La collision de Paul Gasnier

Éditions Gallimard
★★★★★

 Le 6 juin 2012 à 17 heures 13, Paul Gasnier a perdu sa mère, cycliste, fauchée très brutalement par la roue avant d’une KTM 654, moto hyper-puissante qu’un gamin de 17 ans du quartier de la Croix- Rousse à Lyon, sous l’emprise de stupéfiants, a été incapable de maîtriser.

Dix ans plus tard, refusant de sombrer dans la haine de l’autre, de se répandre dans des discours racistes qui s’accompagnent généralement d’un repli identitaire voire d’un désir de vengeance, l’auteur, devenu journaliste, va tenter de comprendre, d’analyser dans le détail, loin de tout manichéisme, ce que peut signifier cette collision. Est-elle le signe d’une fracture de la société ? Comment le gamin en est-il arrivé là, à se lancer dans un rodéo urbain au risque de tuer ? Quel est son parcours, qu’est-ce qui n’a pas fonctionné, où ça a coincé ? Il se lance dans un enquête quasi sociologique, une espèce d’autopsie de l’accident, interroge la famille du jeune homme puis un éducateur, pour tenter de comprendre. D’un côté, Saïd, un gamin issu de l’immigration, un ancien dealer attiré par les gains rapides, multirécidiviste fasciné par la figure d’un grand frère, et de l’autre, une intellectuelle bourgeoise architecte et professeure de yoga. Est-ce que, quand l’un et l’autre se rencontrent, cela doit déboucher sur la mort ? Quel est le poids du déterminisme social ? Est-ce possible de le nier ? Était-il possible d’éviter ce drame ? L’auteur s’interroge aussi sur le système judiciaire français : il rencontre un policier, un avocat, un juge qui vont lui donner leur point de vue sur ce drame que personne n’a oublié.

Mais ce que j’ai trouvé vraiment intéressant dans ce texte, c’est son questionnement sur l’attitude à adopter quand on perd un être cher si brutalement dans un accident . Militer pour l’extrême-droite et hurler « ça suffit » durant les meetings ? Ou bien cheminer vers l’autre, tenter de comprendre qui il est, d’où il vient, rencontrer sa famille et peut-être, le rencontrer ? Est-il possible d’avoir une telle force, une telle sagesse ? Jusqu’où peut-on aller vers l’autre, vers celui qui ne nous ressemble en rien, vers celui qui a tué ?

Ce qui est fascinant dans ce texte, c’est la ligne de crête sur laquelle ce jeune journaliste évolue sans cesse au risque, à tout moment, de tomber.
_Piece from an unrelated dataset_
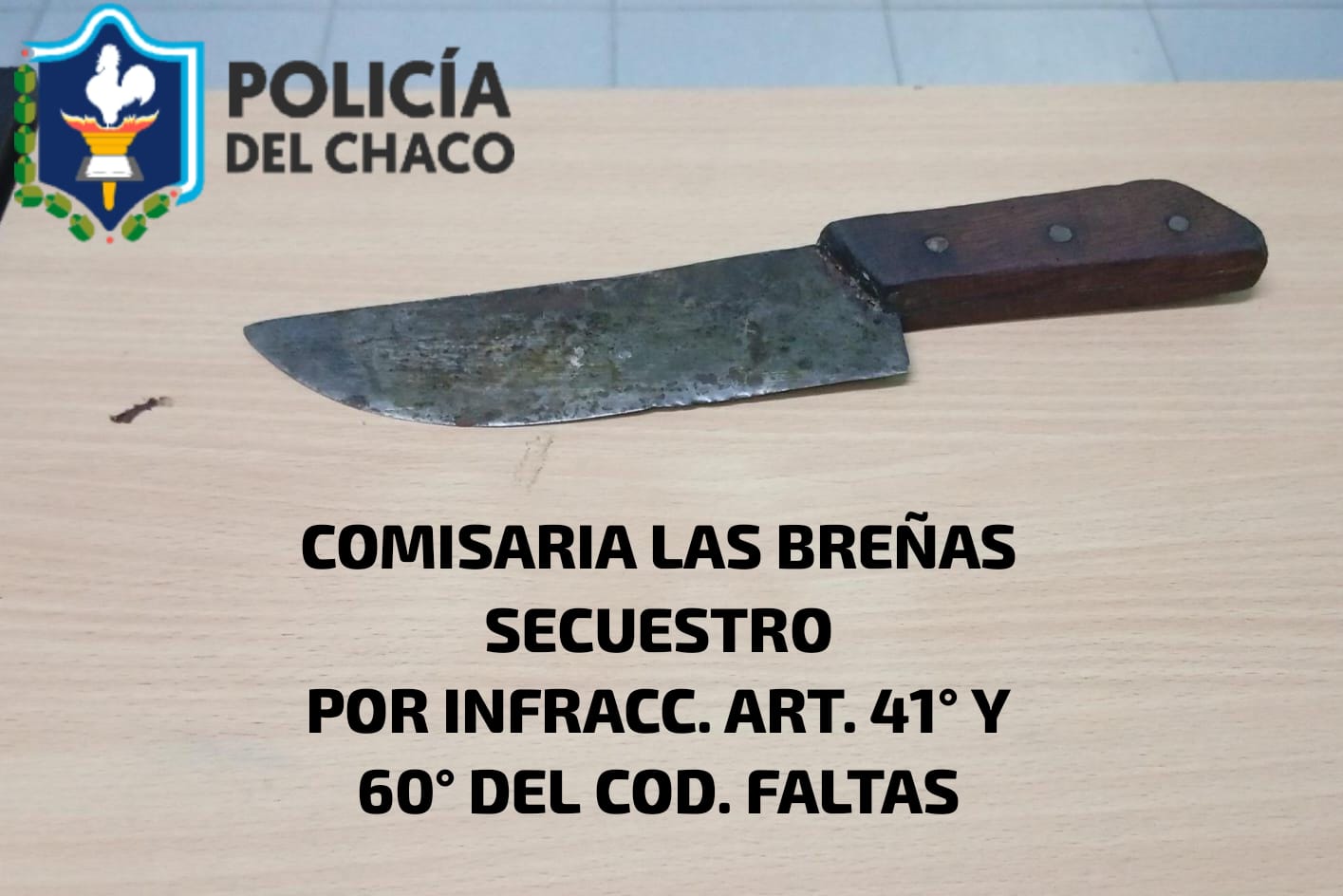 Efectivos de la Comisaría Las Breñas, en el marco del Operativo de Seguridad Preventiva “Patrullaje Motorizado Lince”, demoraron a un hombre que ocasionaba disturbios en la vía pública portando un arma blanca.
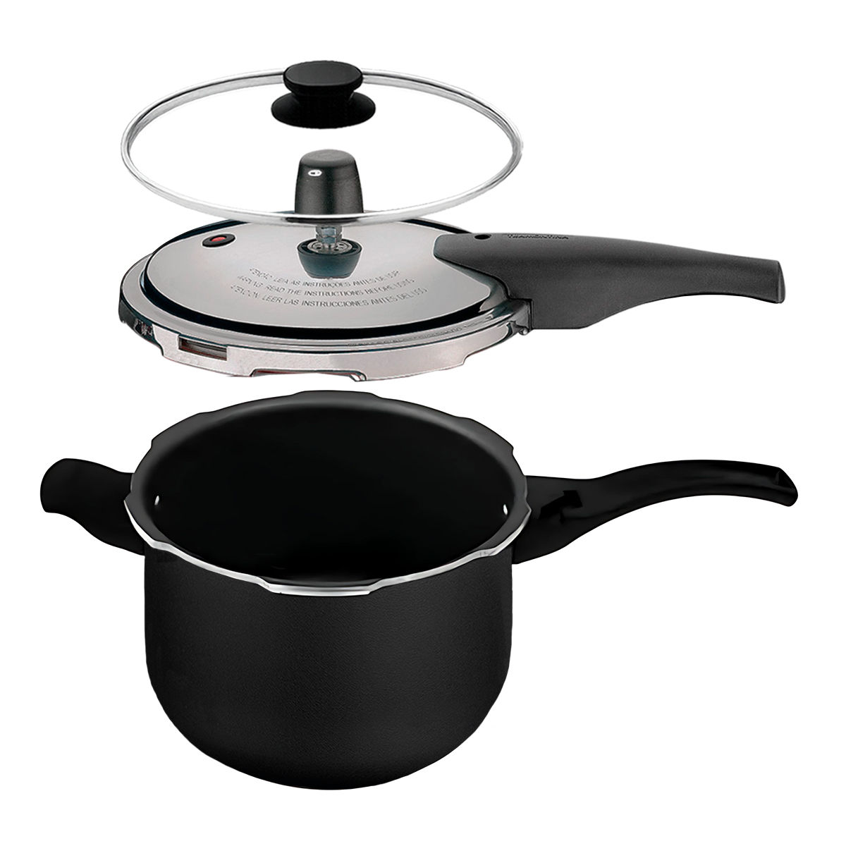 - 01 Panela de Pressão Tramontina Vancouver Effect com Tampa em Alumínio com Revestimento Interno e Externo em Antiaderente Starflon Max Preto 20 cm 4,5 L

On voit d’ailleurs ses errements à travers ses réflexions, ses interrogations et cette souffrance toujours là, l’émotion qui risque de brouiller le jugement et le besoin évident de parler de celle que l’on a perdue, de dire toute la tendresse, l’admiration et l’immense amour que l’on a pour elle. Bouleversant.

Avec beaucoup de finesse et de pudeur, il dresse le portrait de sa mère mais aussi celui de Saïd, le garçon qui l’a tuée. Il étudie le parcours de ces deux personnes que tout oppose.

Ce texte, à la fois politique et très intime, admirable de beauté tant par la forme que par le message qu’il transmet, devrait être lu par tous car il est une magnifique leçon de vie.